WHAT TO DO:
Everything in the data below is left aside except the lines from the one containing "Os tapetes que" through the one containing "GARGANTILHA COM PINGENTE"; repeat those exactly.

[SUPPLIED INFORMATION]

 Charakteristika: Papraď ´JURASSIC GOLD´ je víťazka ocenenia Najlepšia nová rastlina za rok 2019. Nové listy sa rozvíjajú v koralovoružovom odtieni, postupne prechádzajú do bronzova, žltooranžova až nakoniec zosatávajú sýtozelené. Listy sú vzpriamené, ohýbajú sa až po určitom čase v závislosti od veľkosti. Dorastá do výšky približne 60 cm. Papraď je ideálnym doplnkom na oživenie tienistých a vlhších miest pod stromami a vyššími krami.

[/SUPPLIED INFORMATION]
[SUPPLIED INFORMATION]

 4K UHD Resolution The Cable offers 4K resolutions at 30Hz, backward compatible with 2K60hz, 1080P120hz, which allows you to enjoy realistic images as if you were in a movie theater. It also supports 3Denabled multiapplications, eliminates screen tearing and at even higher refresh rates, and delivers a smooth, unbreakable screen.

[/SUPPLIED INFORMATION]
[SUPPLIED INFORMATION]

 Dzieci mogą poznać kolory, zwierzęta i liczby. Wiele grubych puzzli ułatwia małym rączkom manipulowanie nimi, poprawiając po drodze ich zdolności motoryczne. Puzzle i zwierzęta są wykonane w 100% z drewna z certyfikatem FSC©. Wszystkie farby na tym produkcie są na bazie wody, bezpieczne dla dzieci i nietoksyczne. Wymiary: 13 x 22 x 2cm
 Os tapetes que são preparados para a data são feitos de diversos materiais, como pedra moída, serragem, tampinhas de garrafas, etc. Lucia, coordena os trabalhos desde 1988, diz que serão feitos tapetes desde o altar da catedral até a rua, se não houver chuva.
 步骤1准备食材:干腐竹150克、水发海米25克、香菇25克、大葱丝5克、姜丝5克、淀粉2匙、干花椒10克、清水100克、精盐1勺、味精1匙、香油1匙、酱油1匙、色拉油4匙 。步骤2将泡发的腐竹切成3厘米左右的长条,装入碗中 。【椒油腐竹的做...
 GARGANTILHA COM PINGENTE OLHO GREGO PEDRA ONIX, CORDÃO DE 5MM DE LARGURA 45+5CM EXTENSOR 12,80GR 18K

[/SUPPLIED INFORMATION]

ANSWER SPACE:
 Os tapetes que são preparados para a data são feitos de diversos materiais, como pedra moída, serragem, tampinhas de garrafas, etc. Lucia, coordena os trabalhos desde 1988, diz que serão feitos tapetes desde o altar da catedral até a rua, se não houver chuva.
 步骤1准备食材:干腐竹150克、水发海米25克、香菇25克、大葱丝5克、姜丝5克、淀粉2匙、干花椒10克、清水100克、精盐1勺、味精1匙、香油1匙、酱油1匙、色拉油4匙 。步骤2将泡发的腐竹切成3厘米左右的长条,装入碗中 。【椒油腐竹的做...
 GARGANTILHA COM PINGENTE OLHO GREGO PEDRA ONIX, CORDÃO DE 5MM DE LARGURA 45+5CM EXTENSOR 12,80GR 18K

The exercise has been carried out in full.